Required action: Your copy should start at the line with "照片中的大老粗的树干,其实是" and end at the line with "زياد: يأتيك اتصال" in the data below. Transcribe only those lines, exactly, pictures excluded.

Available records:
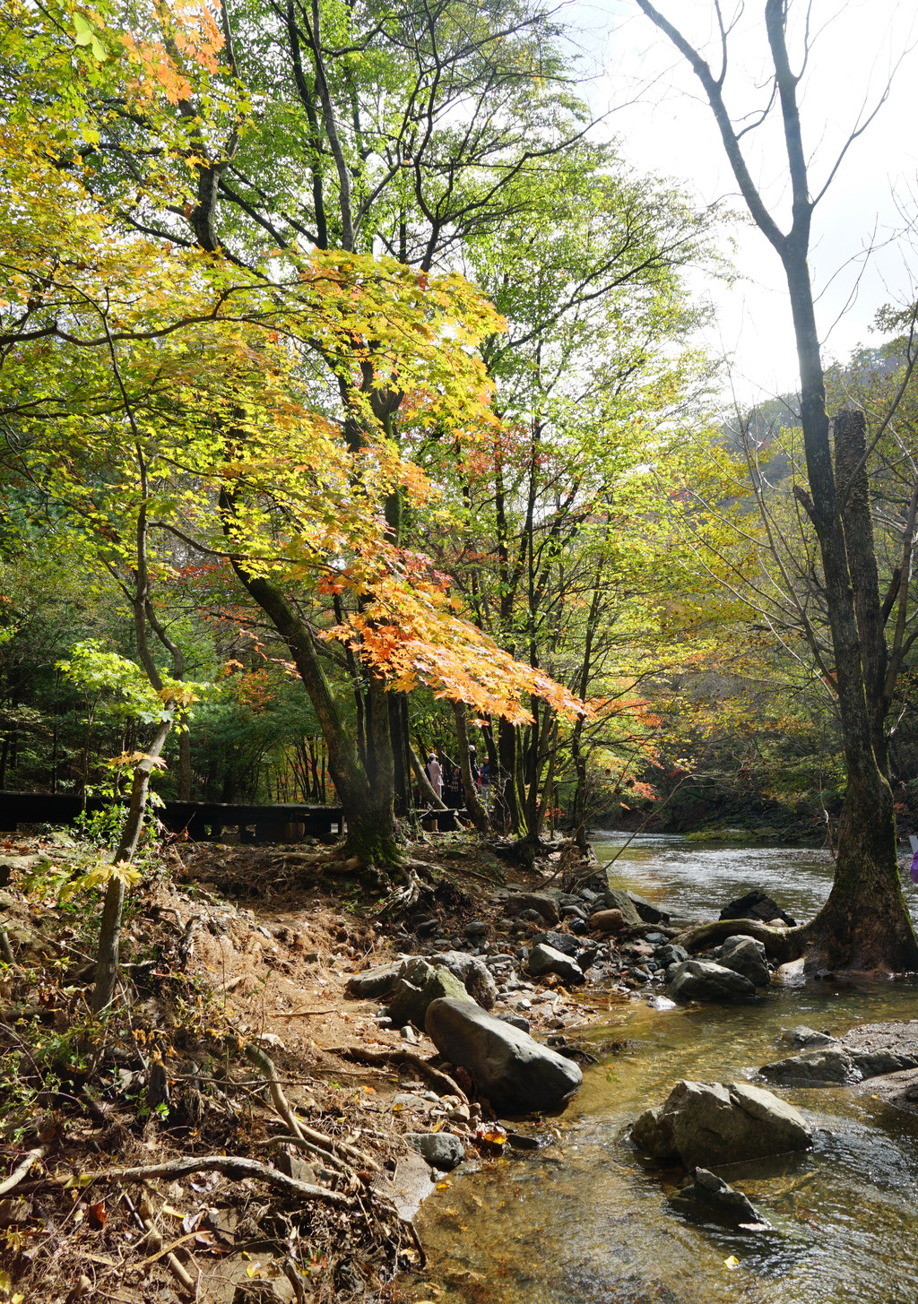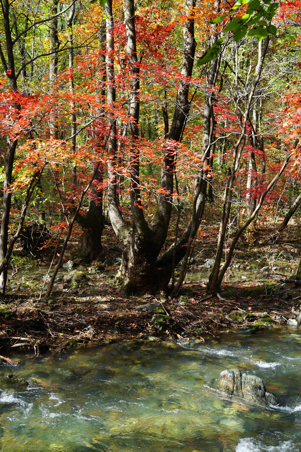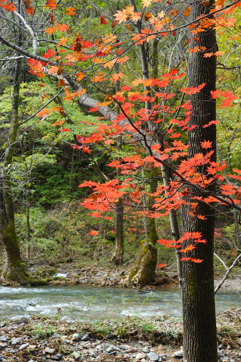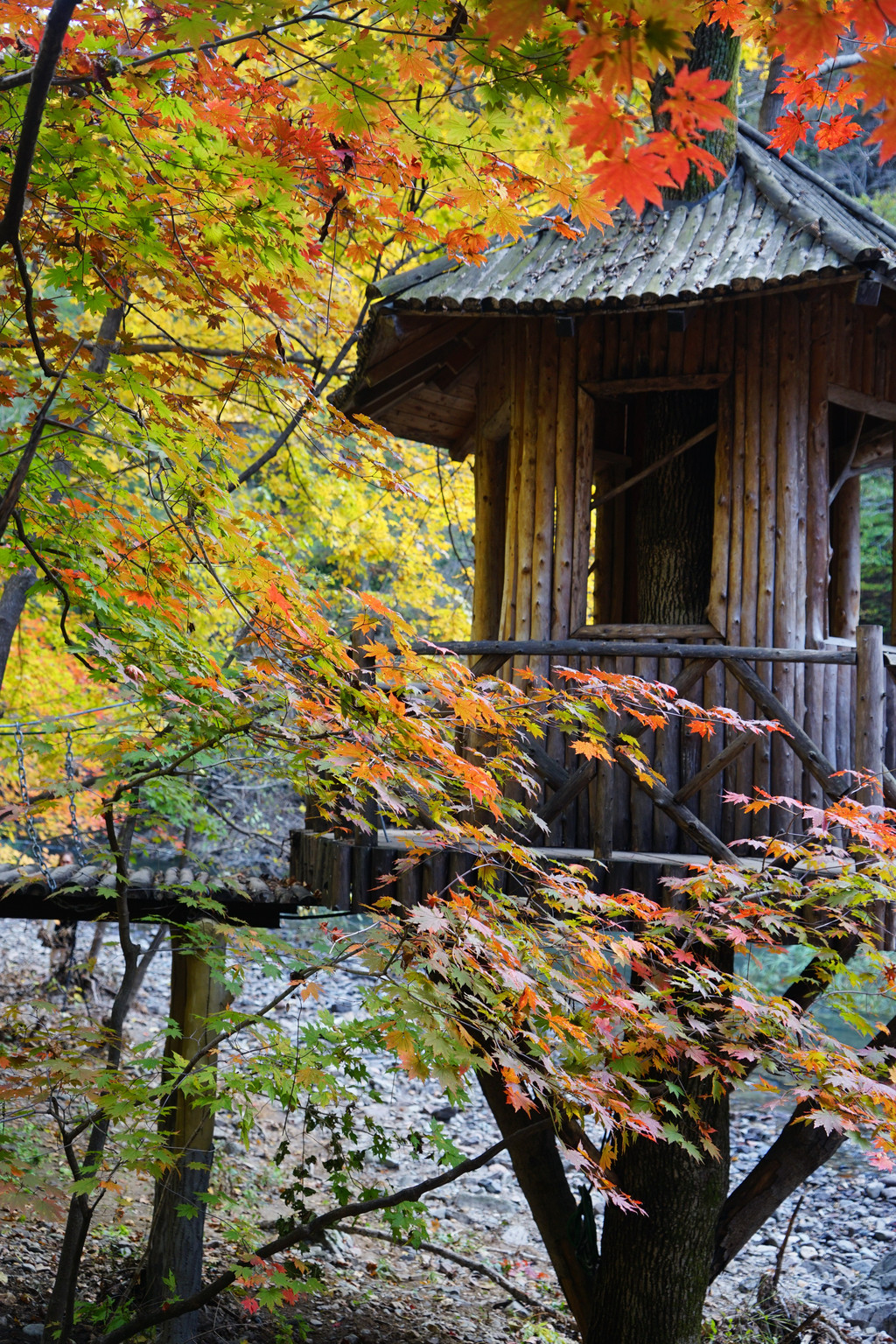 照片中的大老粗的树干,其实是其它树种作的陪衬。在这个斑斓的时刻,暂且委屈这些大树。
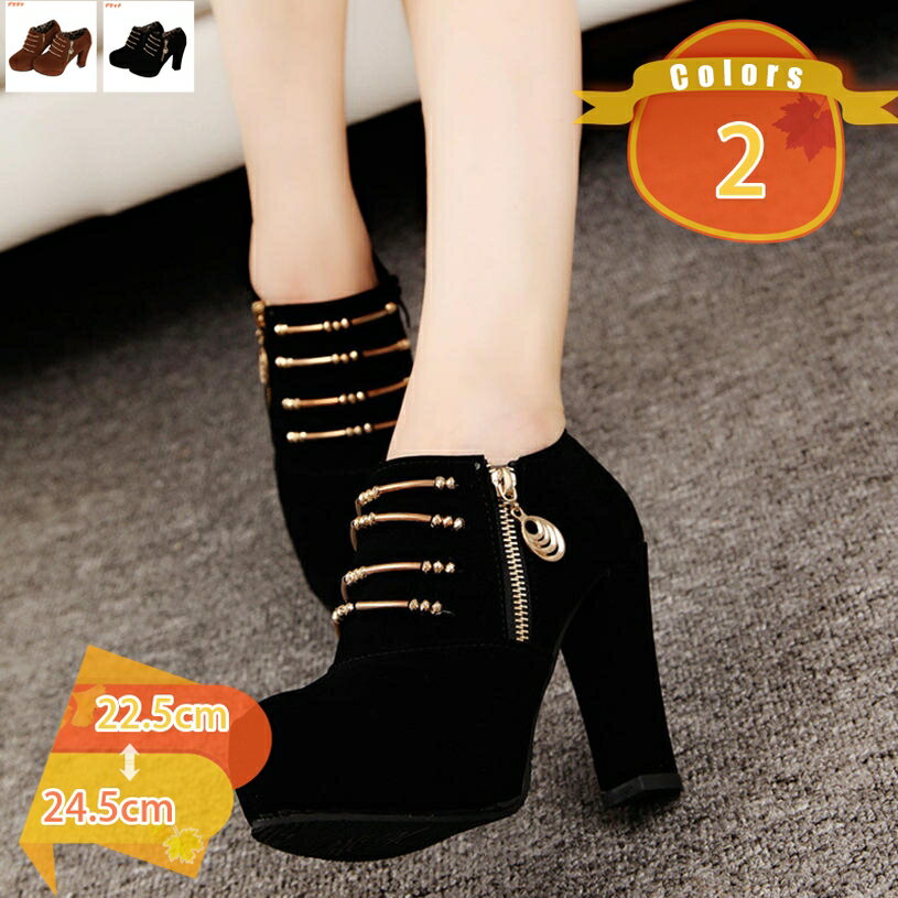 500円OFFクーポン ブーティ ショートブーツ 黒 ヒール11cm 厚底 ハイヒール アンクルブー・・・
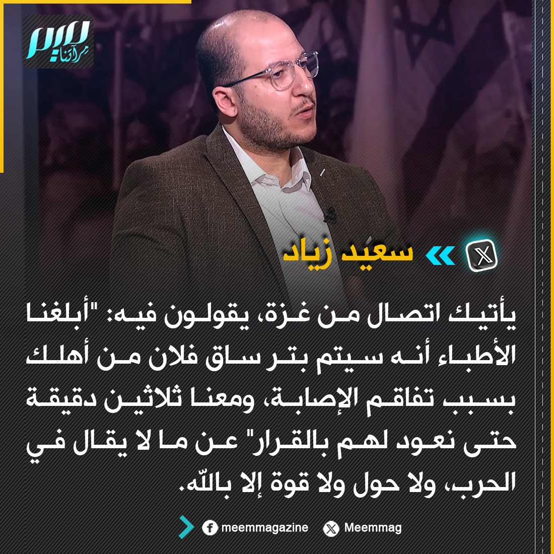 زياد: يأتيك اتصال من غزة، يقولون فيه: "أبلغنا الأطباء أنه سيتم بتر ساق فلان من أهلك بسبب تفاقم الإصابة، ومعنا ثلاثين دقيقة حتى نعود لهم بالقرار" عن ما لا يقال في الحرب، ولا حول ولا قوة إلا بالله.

...

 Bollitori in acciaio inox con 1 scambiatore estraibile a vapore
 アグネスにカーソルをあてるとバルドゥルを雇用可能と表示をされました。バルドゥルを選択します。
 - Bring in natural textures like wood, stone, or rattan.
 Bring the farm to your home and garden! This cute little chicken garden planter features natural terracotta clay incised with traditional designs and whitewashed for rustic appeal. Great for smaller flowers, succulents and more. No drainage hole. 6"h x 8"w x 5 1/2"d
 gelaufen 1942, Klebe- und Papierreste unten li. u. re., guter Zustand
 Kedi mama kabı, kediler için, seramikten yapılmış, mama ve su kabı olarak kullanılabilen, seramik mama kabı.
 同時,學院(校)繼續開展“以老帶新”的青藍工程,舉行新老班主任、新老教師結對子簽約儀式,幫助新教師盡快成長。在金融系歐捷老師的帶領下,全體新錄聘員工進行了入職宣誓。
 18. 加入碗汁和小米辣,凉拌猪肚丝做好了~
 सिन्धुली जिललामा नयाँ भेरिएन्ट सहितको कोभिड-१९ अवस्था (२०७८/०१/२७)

==

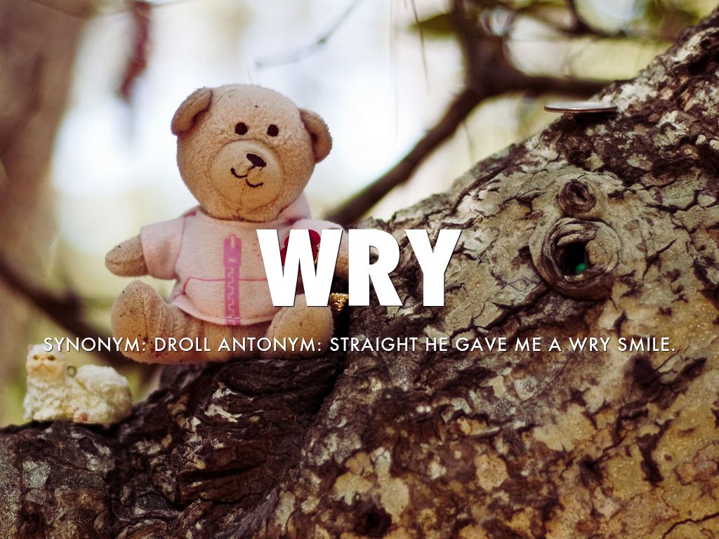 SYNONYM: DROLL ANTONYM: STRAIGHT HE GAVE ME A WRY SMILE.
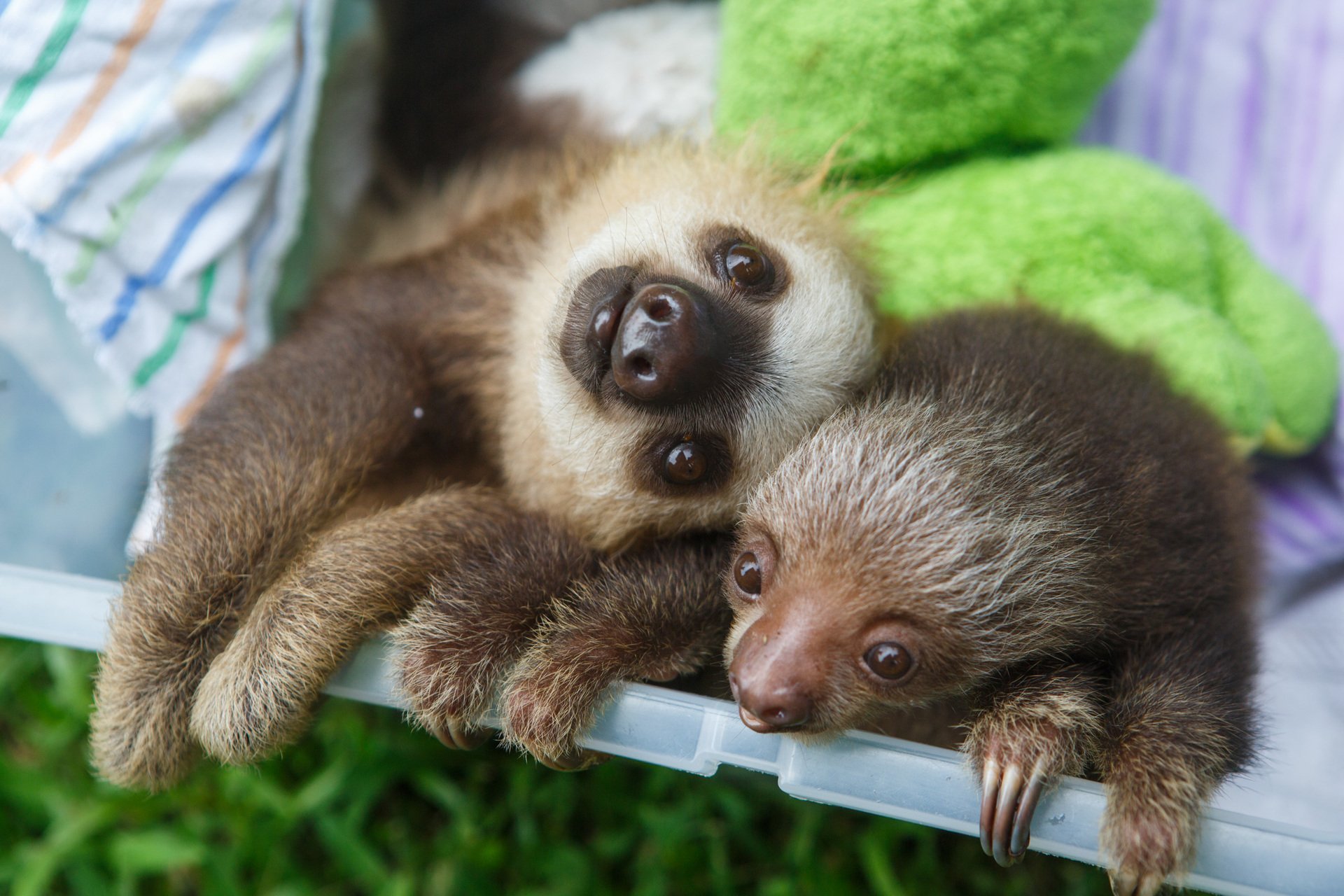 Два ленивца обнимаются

Result:
 照片中的大老粗的树干,其实是其它树种作的陪衬。在这个斑斓的时刻,暂且委屈这些大树。
 500円OFFクーポン ブーティ ショートブーツ 黒 ヒール11cm 厚底 ハイヒール アンクルブー・・・
 زياد: يأتيك اتصال من غزة، يقولون فيه: "أبلغنا الأطباء أنه سيتم بتر ساق فلان من أهلك بسبب تفاقم الإصابة، ومعنا ثلاثين دقيقة حتى نعود لهم بالقرار" عن ما لا يقال في الحرب، ولا حول ولا قوة إلا بالله.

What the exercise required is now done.